Hayati Nupus
14 September 2020•Update: 15 September 2020
Faruk Zorlu
ANKARA
Nota kesepahaman yang diteken AS dan pemerintah Siprus Yunani pekan ini akan merusak upaya penyelesaian persoalan Siprus, alih-alih berkontribusi pada perdamaian dan stabilitas, ujar Kementerian Luar Negeri Turki, Senin pagi.
“MoU yang ditandatangani AS dan pemerintah Siprus Yunani pada 12 September 2020, dan membayangkan pembentukan ‘Pusat Keamanan Darat, Laut, dan Pelabuhan’ di pemerintahan Siprus Yunani berarti mengabaikan pihak Siprus Turki,” ujar juru bicara Kementerian Luar Negeri Hami Aksoy.
Langkah AS mencabut embargo senjata terhadap Siprus Yunani dan memasukkan negara itu dalam dalam program Pendidikan dan Pelatihan Militer Internasional (IMET) mengganggu keseimbangan antara kedua bangsa di pulau itu dan meningkatkan ketegangan di Mediterania Timur, imbuh Aksoy.

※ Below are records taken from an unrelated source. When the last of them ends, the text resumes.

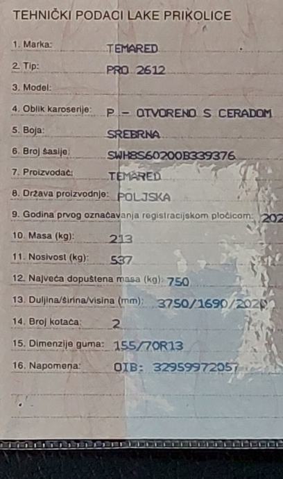 Prikolica dimenzija utovarnog prostora 264 ×126 ×153 cm,registrirana još 2 godine ,b kategorija arnjevi cerada vožena jako malo...otvaranje prednje i zadnje stranice ...
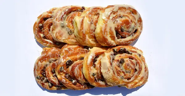 روی یک تخته مقداری آرد بپاشید. خمیر را با وردنه صاف کنید و به ابعاد ۳۰ در ۴۰ سانتیمتر درآورید. خامه قهوه را روی خمیر ریخته و سطح آن را صاف کنید. خمیر بادام و کشمشها را روی خمیر ریخته و پخش کنید. پودر دارچین و بقیه شکر را اضافه کرده سپس از طرف باریکتر خمیر را لوله کنید و به شکل حلزون دربیاورید.
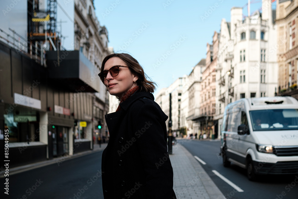 Woman wearing black coat and sunglasses standing in the middle of the street.
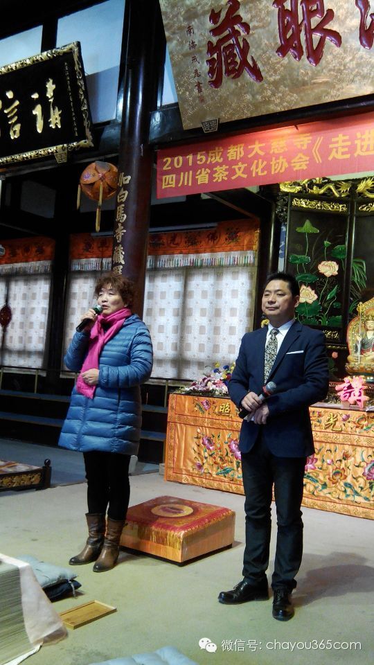 接着,四川省茶文化协会常务副会长张京介绍了这本书出版的意义。她说到,《走进禅茶》的出版,对于传承大慈寺无相禅茶,丰富四川茶文化具有非常重要的历史和时代意义。四川省茶文化协会从2004年开始致力于大慈寺禅茶的研究和推广,10年历程,里面有总结、回顾和展望。这本书的风格朴实,图文并茂。透过本书,可以直观的感受到有很多年轻人积极的参与到禅茶的修行与传承中,展示了大慈寺禅茶的生命力和传承度。张京表示希望《走进禅茶》的出版,有更多的年轻人加入到禅茶文化的修行和推广中来,为弘扬和传承四川茶文化而努力。
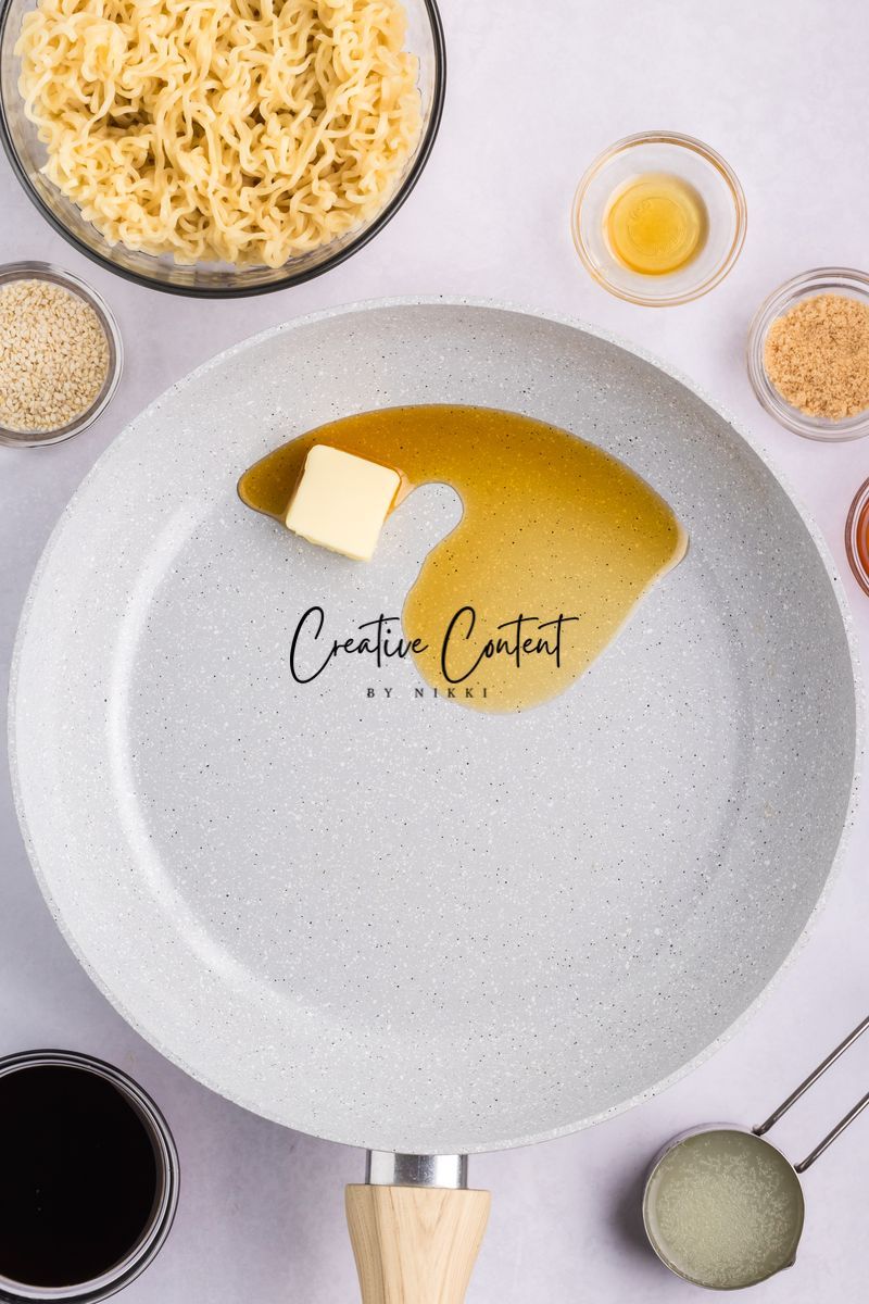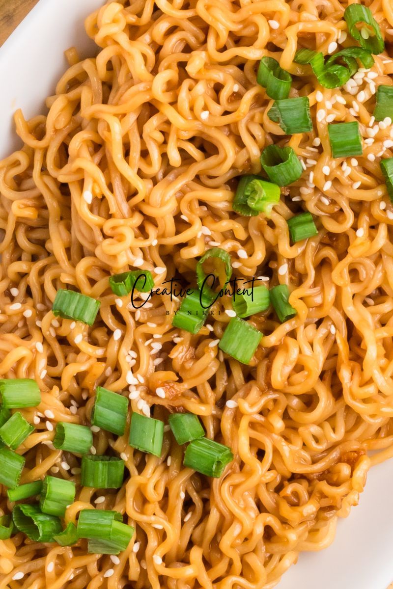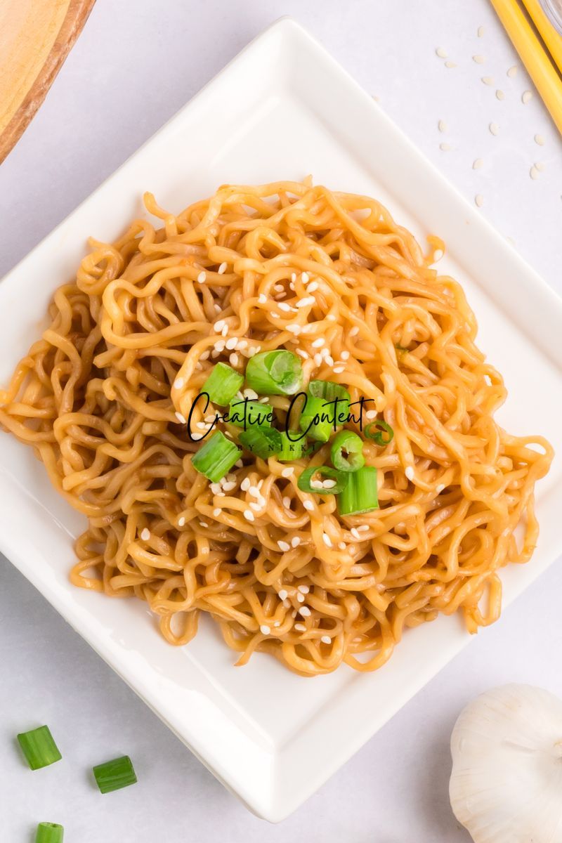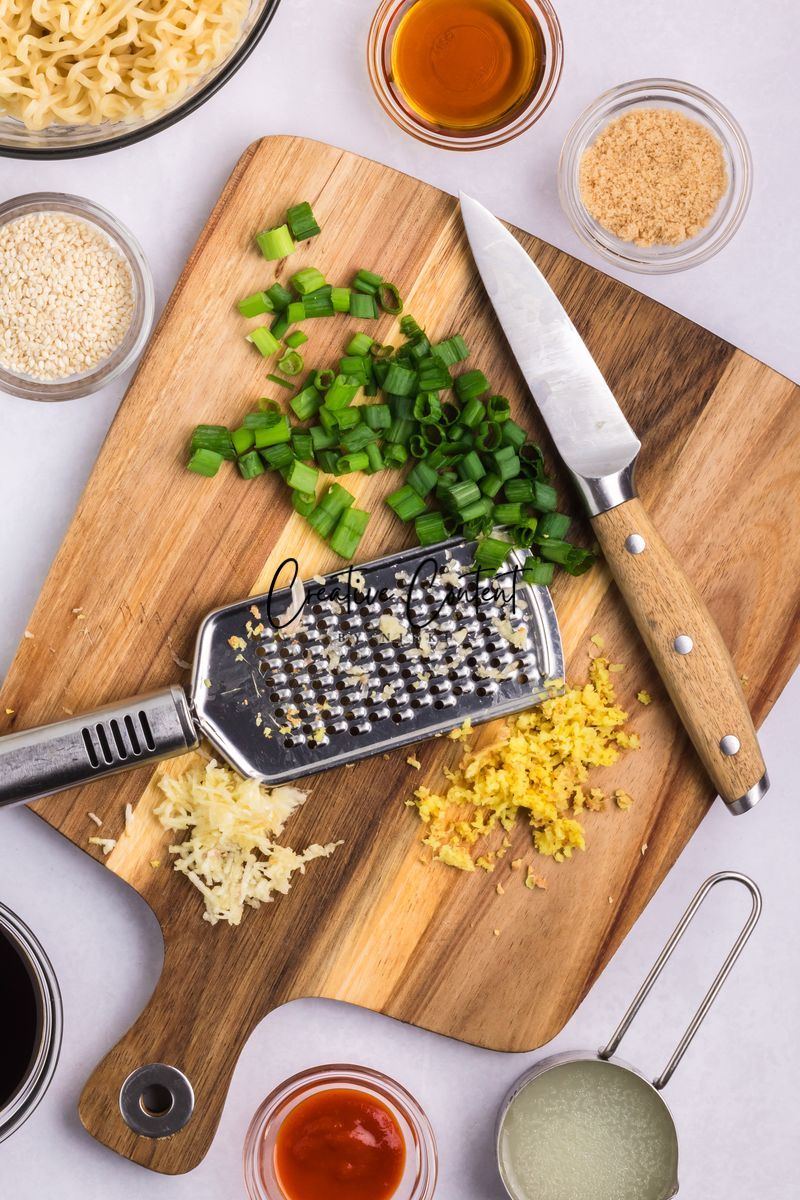 - Ingredients needed; ramen noodles, water, unsalted butter, sesame oil, garlic cloves, low sodium soy sauce, light brown sugar, sriracha, ginger, green onion, and sesame seeds.

Dalam hal ini, amat mengejutkan bahwa Menteri Luar Negeri AS Mike Pompeo tidak bertemu dengan TRNC selama kunjungannya ke pulau itu, tambah dia.
“Kami meminta AS untuk kembali ke kebijakan tradisionalnya yang netral mengenai pulau itu dan berkontribusi pada upaya penyelesaian masalah Siprus,” Aksoy menekankan.

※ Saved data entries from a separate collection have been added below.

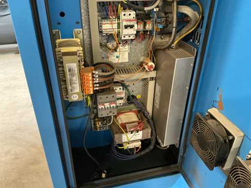 Voorzien van: volledige werkende schotten compressor, noodstop, documentatie, frequentie geregeld.
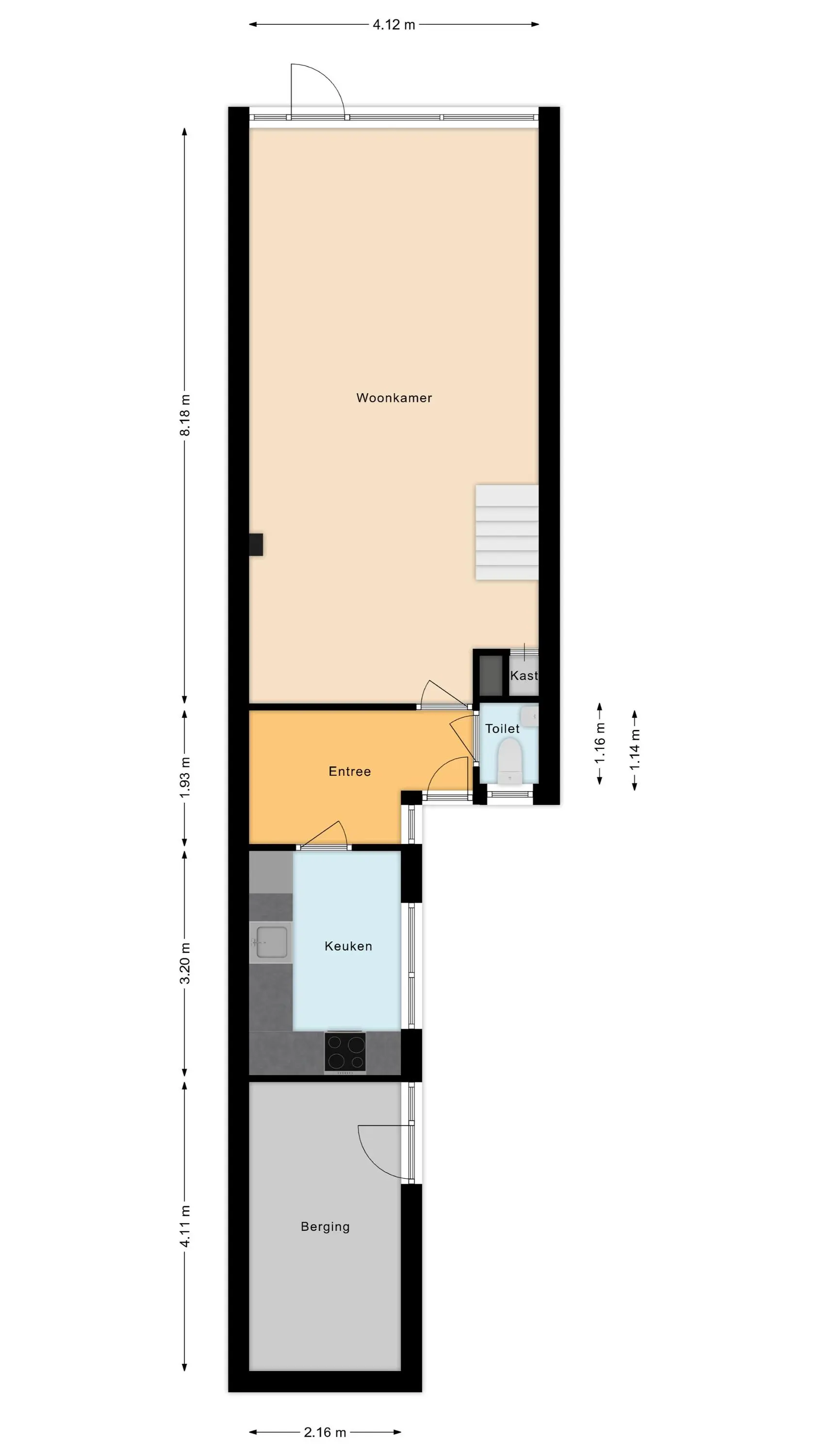 Entree in hal met toilet en toegang tot de keuken. De keuken is aangebouwd midden jaren 80 en in 2021 volledig vernieuwd. Vanuit de hal kom je verder in de lichte, tuingerichte woonkamer. Aan de voorzijde van de woning bevindt zich verder een aangebouwde berging.
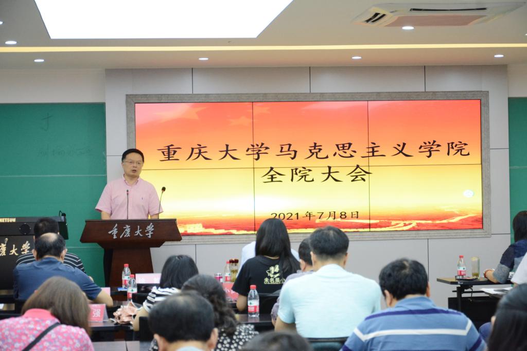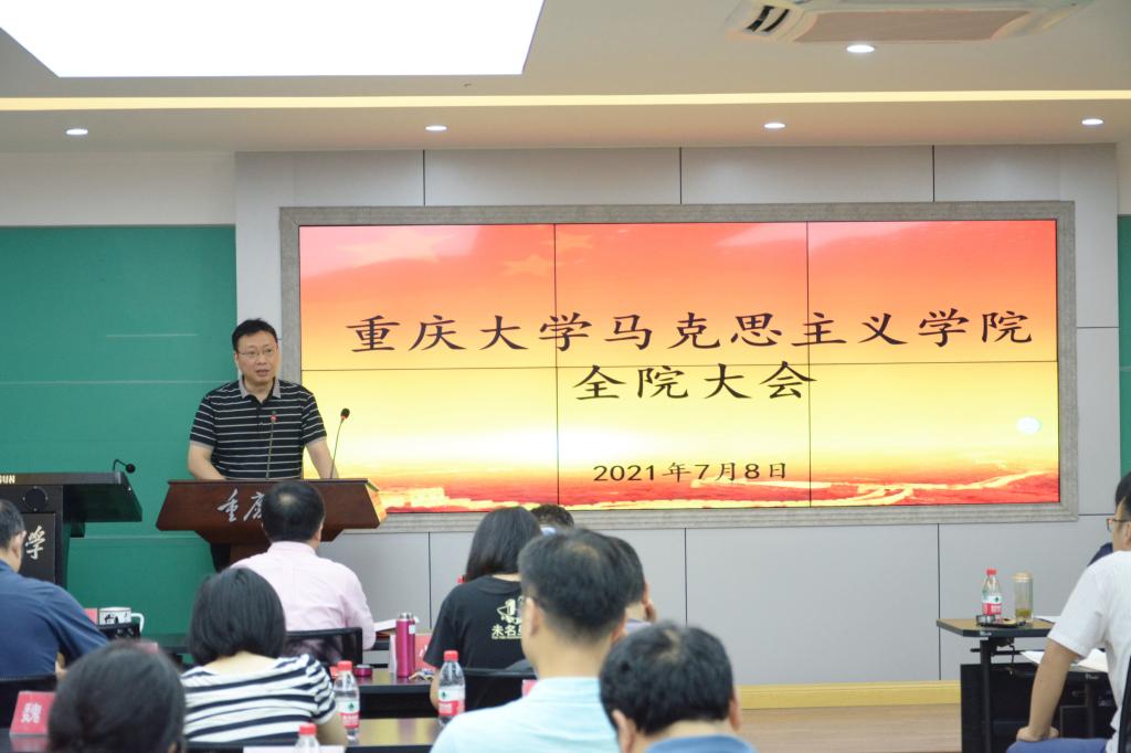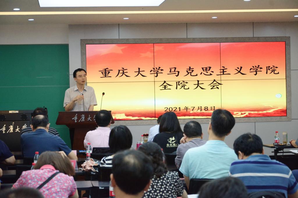 院长张邦辉首先通报了近期学院的发展动态,介绍了在学院近期在博士点申报等方面的工作进展。随后,他要求各位老师做好期末相关工作,鼓励老师们利用假期时间进行论文、项目申报书的写作,积极准备下学期课程的备课工作,他要求各位老师将习近平总书记在庆祝中国共产党成立一百周年大会上的重要讲话精神融入到课堂中去。最后,他提醒各位老师注意假期安全,注意疫情常态化防护。
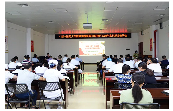 ▲医院党委书记高宏君到田阳院区宣讲意识形态
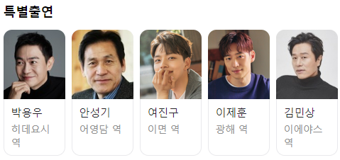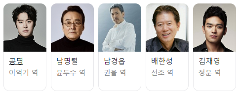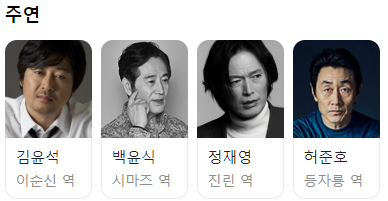 주연 출연진 : 이순신(김윤석), 시마즈(백윤식), 진린(정재영), 등자룡(허준호)

Pada 1 September, AS mencabut sebagian embargo senjata terhadap pemerintahan Siprus Yunani Selatan.
Sementara Juli lalu Pompeo mengumumkan bahwa AS telah memasukkan pemerintahan Siprus Yunani di Siprus Selatan dalam program pelatihan militernya untuk 2020.

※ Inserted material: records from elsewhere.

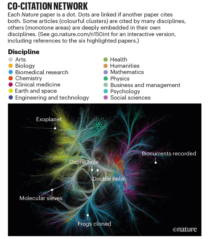 共引情况是分析学科内和跨学科知识流动的一种有效研究方法,《Nature》研究了自1900年以来出版的逾8.8万篇论文,点代表论文,颜色代表学科。如果有其他的科研论文(被Web of Science收录的)同时引用了这篇论文,那么它们之间就产生连接。点的大小代表被共引的次数,花色簇代表的论文被很多学科论文引用,而单色簇代表的论文是大多被自身所属学科引用的论文。Nature也指出如果是对专业性更强的期刊进行相同的共引网络分析,分析的结果会大不相同。但是《Nature》发布的共引网络也彰显了科学史上的独特片段:20世纪30年代放射性元素的研究,80年代末和90年代超导材料的研究以及对其理论基础的深入探讨。
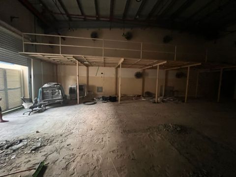 A warehouse is available for rent in Industrial Area 18, Sharjah, located directly on a main road, offering easy access for trucks and commercial vehicles. The total area is 2500 square feet, including a mezzanine level, providing flexible usage for storage, operations, or administrative purposes. The warehouse features a practical layout that allows efficient space organization to suit various Industrial
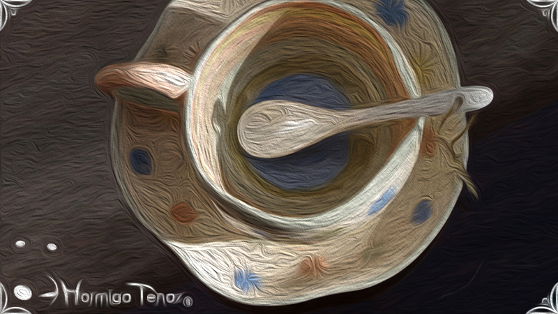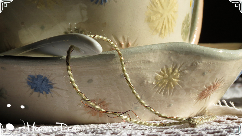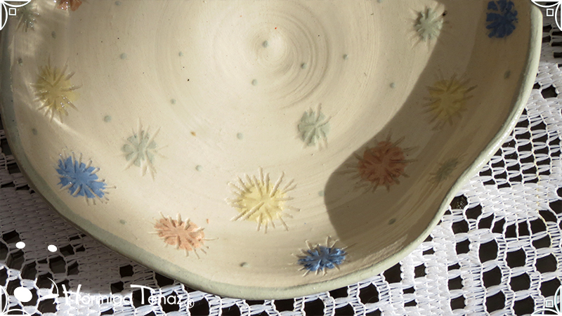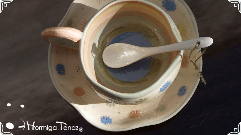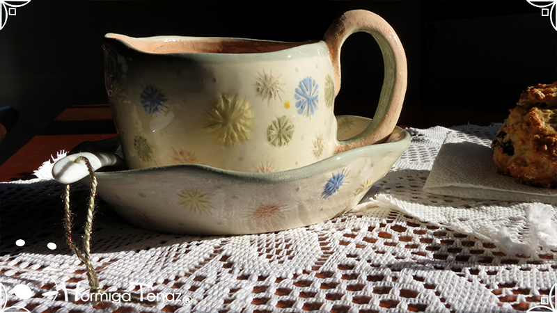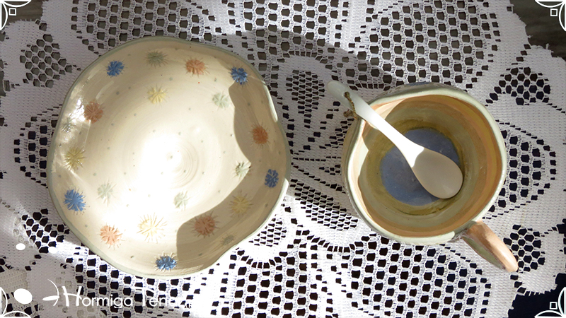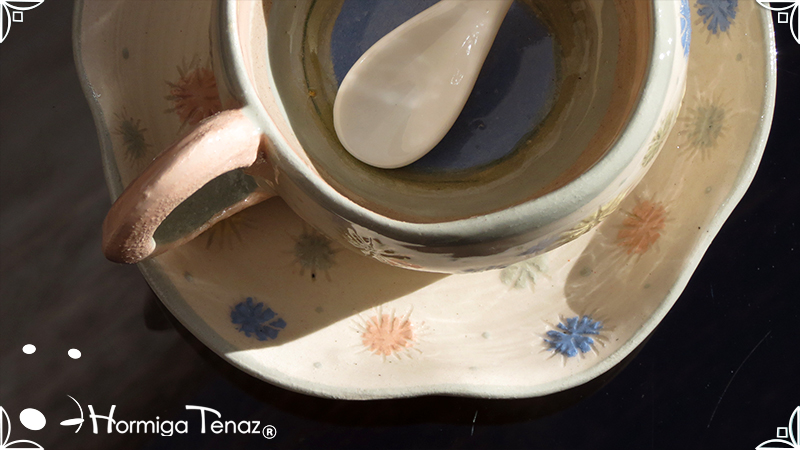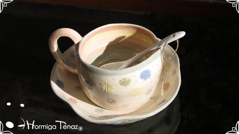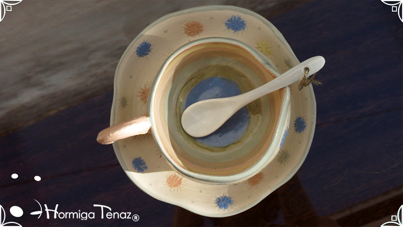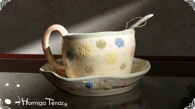Pieza de cerámica artesanal que consta de 3 partes, taza, plato y cuchara realizadas en un estilo orgánico, con formas en movimiento y la asimetría en todas sus piezas recordándonos a la naturaleza misma, junto a los dientes de león con colores imaginativos cubriendo la superficie de las piezas y en el interior de la taza se observa a una geoda con sus muchas capas.

Setelah Siprus Yunani membagi paksa pulau Siprus pada 1963, orang Siprus Turki menderita di bawah kampanye kekerasan etnis.
Pada 1974, menyusul kudeta Yunani untuk aneksasi Siprus, Ankara harus turun tangan sebagai kekuatan penjamin. Pada 1983, Republik Turki Siprus Utara (TRNC) berdiri.
Selama beberapa dekade, pembicaraan digelar untuk merampungkan konflik, yang seluruhnya berakhir gagal.
Upaya terakhir digelar dengan partisipasi negara penjamin—Turki, Yunani dan Inggris—yang berakhir pada 2017 di Swiss.
Pada 2004, rencana solusi Sekretaris Jenderal PBB Kofi Annan diterima Siprus Turki namun ditolak Siprus Yunani dalam referendum yang diadakan di kedua sisi pulau itu
Dalam laporan baru-baru ini, Sekretaris Jenderal PBB Antonio Guterres mengatakan bahwa perlu “ide-ide baru” untuk menyelesaikan masalah pulau itu.